On Tue, Nov 2, 2021 at 11:28 AM Jason Gerlowski <gerlowsk...@gmail.com>
wrote:
> Hey Ishan,
>
> I appreciate you writing up the SIP! Here's some notes/questions I
> had as I was reading through your writeup and this mail thread.
> ("----" separators between thoughts, hopefully that helps.)
>
> ----
>
> I'll add my vote to what Jan, Gus, Ilan, and Houston already
> suggested: roles should default to "all-on". I see the downsides
> you're worried about with that approach (esp. around 'overseer'), but
> they may be mitigatable, at least in part.
>
> > [mail thread] User wants this node Solr101 to be a dedicated overseer,
> but for that to happen, he/she would need to restart all the data nodes
> with -Dnode.roles=data
>
> Sure, if roles can only be specified at startup. But that may be a
> self-imposed constraint.
>
> An API to change a node's roles would remove the need for a restart
> and make it easy for users to affect the semantics they want. You
> decided you want a dedicated overseer N nodes into your cluster
> deployment? Deploy node 'N' with the 'overseer', and toggle the
> overseer role off on the remainder.
>
> Now, I understand that you don't want roles to change at runtime, but
> I haven't seen you get much into "why", beyond saying "it is very
> risky to have nodes change roles while they are up and running." Can
> you expand a bit on the risks you're worried about?
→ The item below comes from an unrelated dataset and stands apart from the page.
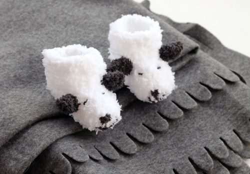 These fluffy baby booties by Handy Little Me are soft to the touch and will keep the baby’s feet really warm. The techniques you need to know for this are casting on, casting off, and knit and purl stitches.

If you're
> explicit about them here maybe someone can think of a clever way to
> address them?
>
> > Hence, if those nodes are "assumed to have all roles", then just by
> virtue of upgrading to this new version, new capabilities will be turned on
> for the entire cluster, whether or not the user opted for such a
> capability. This is totally undesirable.
>
> Obviously "roles" refer to much bigger chunks of functionality than
> usual, so in a sense defaulting roles on is scarier. But in a sense
> you're describing something that's an inherent part of software
> releases. Releases expose new features that are typically on by
> default. A new default-on role in 9.1 might hurt a user, but there's
> no fundamental difference between that and a change to backups or
> replication or whatever in the same release.
>
> I don't mean to belittle the difference in scope - I get your concern.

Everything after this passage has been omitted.